SIGNIFICANCE: RENO V. ACLU
Case Name: Reno v. American Civil Liberties Union
Citation: 521 U.S. 844 (1997)
Topics: Obscenity; Indecency; Time, Place and Manner Regulations; Regulations of Online Speech
The ACLU (www.aclu.org) challenged the constitutionality of the Communications Decency Act (CDA) provisions seeking to protect minors from harmful material on the internet. The first of the challenged provisions of the CDA (§223(a)) criminalized the transmission of obscene or indecent messages to anyone under age 18. The second provision (§223(d)) prohibited the transmission or display to anyone under age 18 of a message “that, in context, depicts or describes, in terms patently offensive as measured by contemporary community standards, sexual or excretory activities or organs.”
The Court ruled:
- The challenged provisions were facially overbroad in violation of the First Amendment.

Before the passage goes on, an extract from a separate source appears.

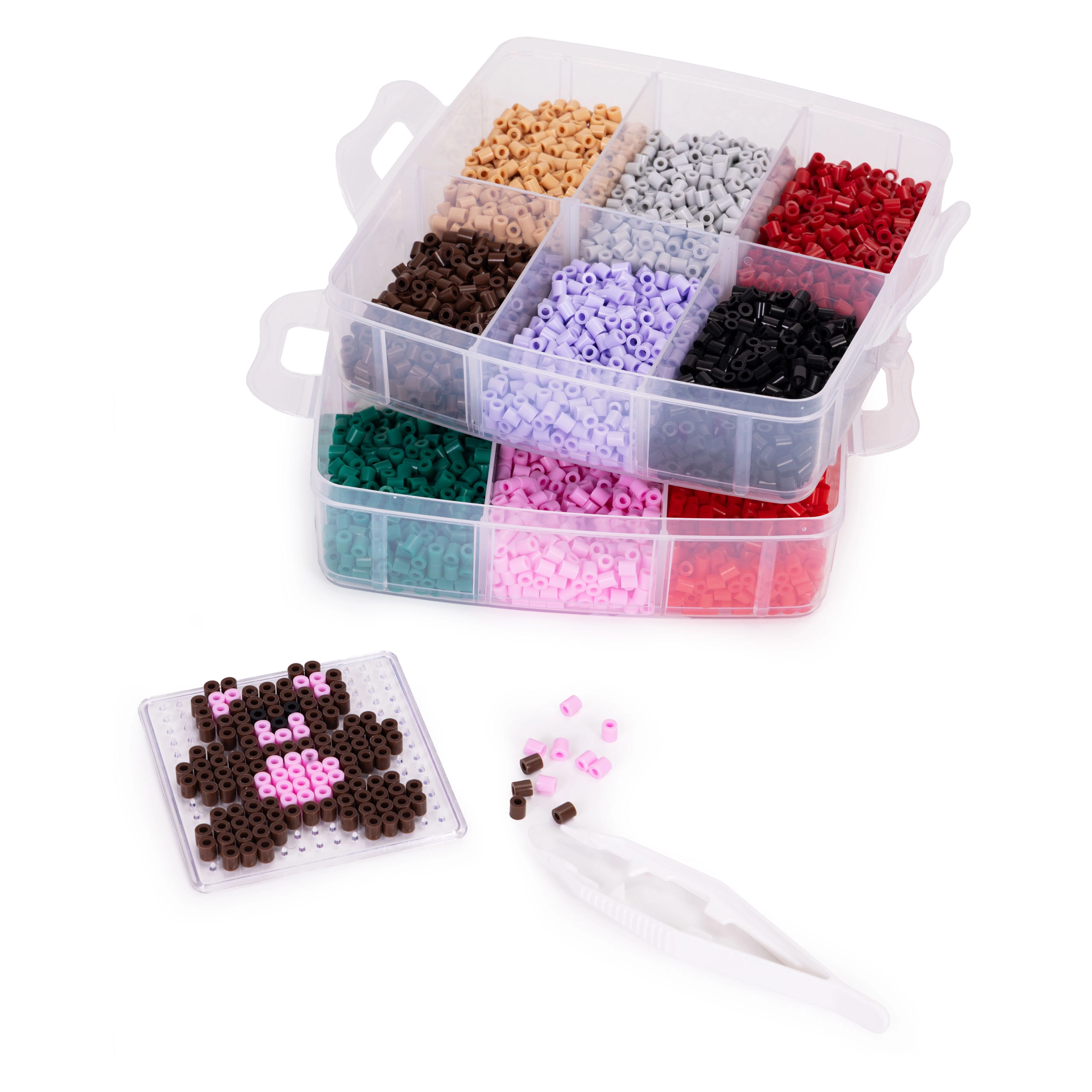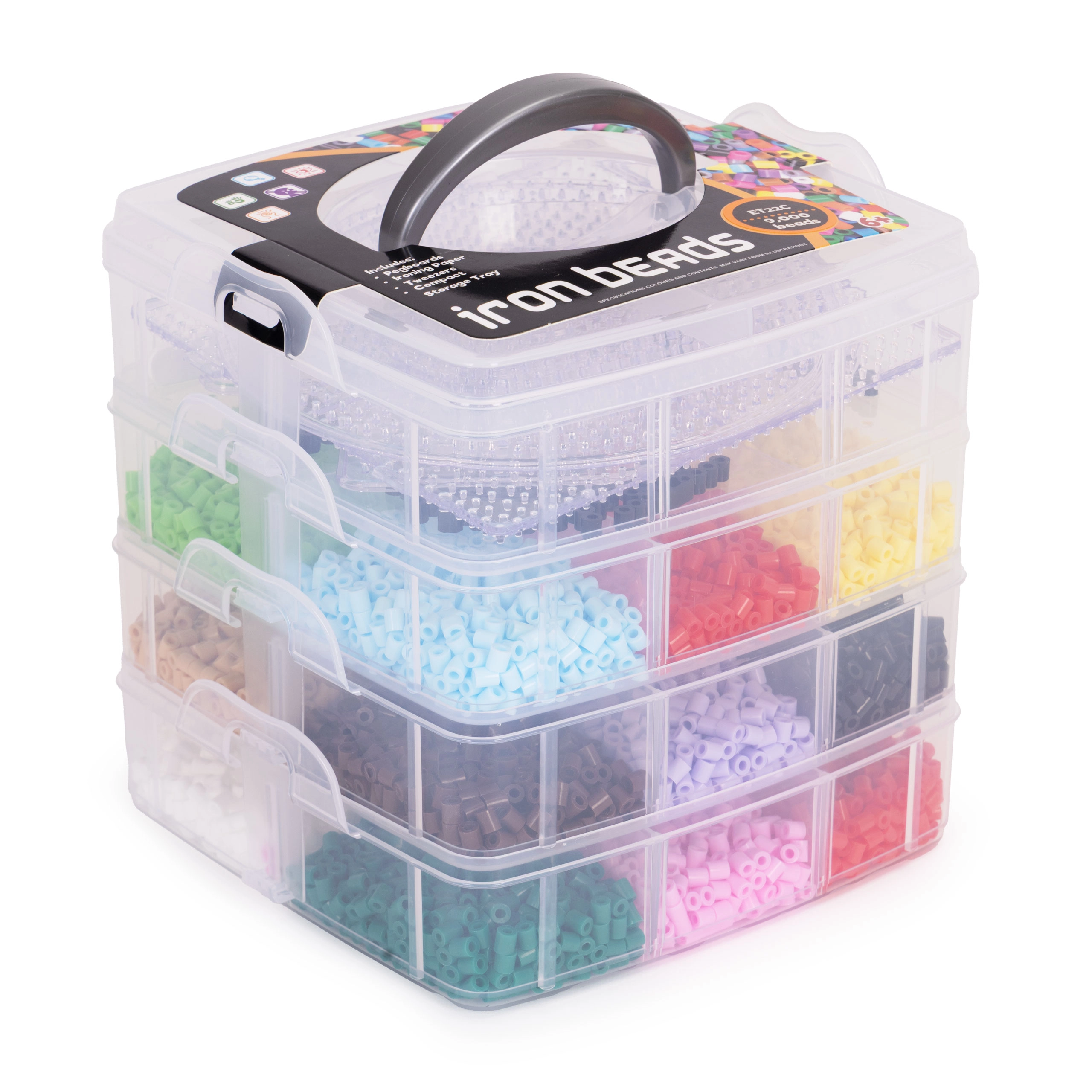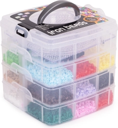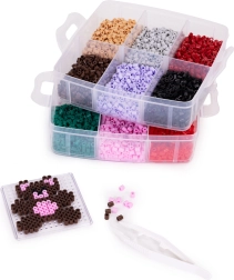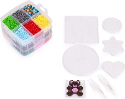 Komplektā ietilpst: līdz 9000 pērlīšu daudzās krāsās, 6 pamatnes (aplīs, kvadrāts, zvaigzne, sirds u.c.), 2 pincetes, gludināšanas papīri, dizaina šabloni un ietilpīgs organizators ar nodalījumiem. Pateicoties sakraujamai kastei, viss ir pārskatāmi sakārtots un gatavs nākamajiem radošajiem darbiem mājās vai ceļā.

- The provisions of the CDA prohibiting transmission of obscene, indecent, or “offensive” communications through the internet to persons under age 18, were content-based restrictions on speech, and, as such, were not valid as time, place, and manner regulations.
- The Court rejected the government’s argument that the CDA should be analyzed as a time, place, and manner regulation because it left open alternate channels through which the prohibited communication could occur.
- The provision §223(a), prohibiting transmission of obscene or indecent communications through the internet to persons under age 18, could be saved from the overbreadth challenge by severing “or indecent” from statute. The Court struck “or indecent,” and allowed the remaining parts of §223(a) addressing obscene communications to stand. Obscenity is not entitled to any protection under the First Amendment.
- The provision §223(d), prohibiting the transmission or display of messages “patently offensive” according to community standards, was struck down entirely. The Court found the “patently offensive” standard overly broad and vague in comparison with the Miller test for obscenity. It was not limited by the requirements that protect individuals from the infirmities of the community standards prong, namely, that the sexual conduct be specifically defined and the work, taken as a whole, lacks serious literary, artistic, political, or scientific value.
- The Court did not fully consider the constitutionality of the community standards test contained in the CDA. When assessing the overbreath and vagueness of the provision, the court considered that, “the ‘community standards’ criterion as applied to the Internet means that any communication available to a nation wide audience will be judged by the standards of the community most likely to be offended by the message.”
The full statutory provisions are located in the statute 47 USCA §223 (Chapter 5). Relevant cases: Ashcroft v. American Civil Liberties Union, 535 U.S. 564 (2002) (challenging the Child Online Protection Act (COPA)).
This case is significant because it does not rule out the prohibition of “obscene” images from transmission through the internet. Rather, the case indicates that such a prohibition must be specific and in line with its ruling in Miller v. California.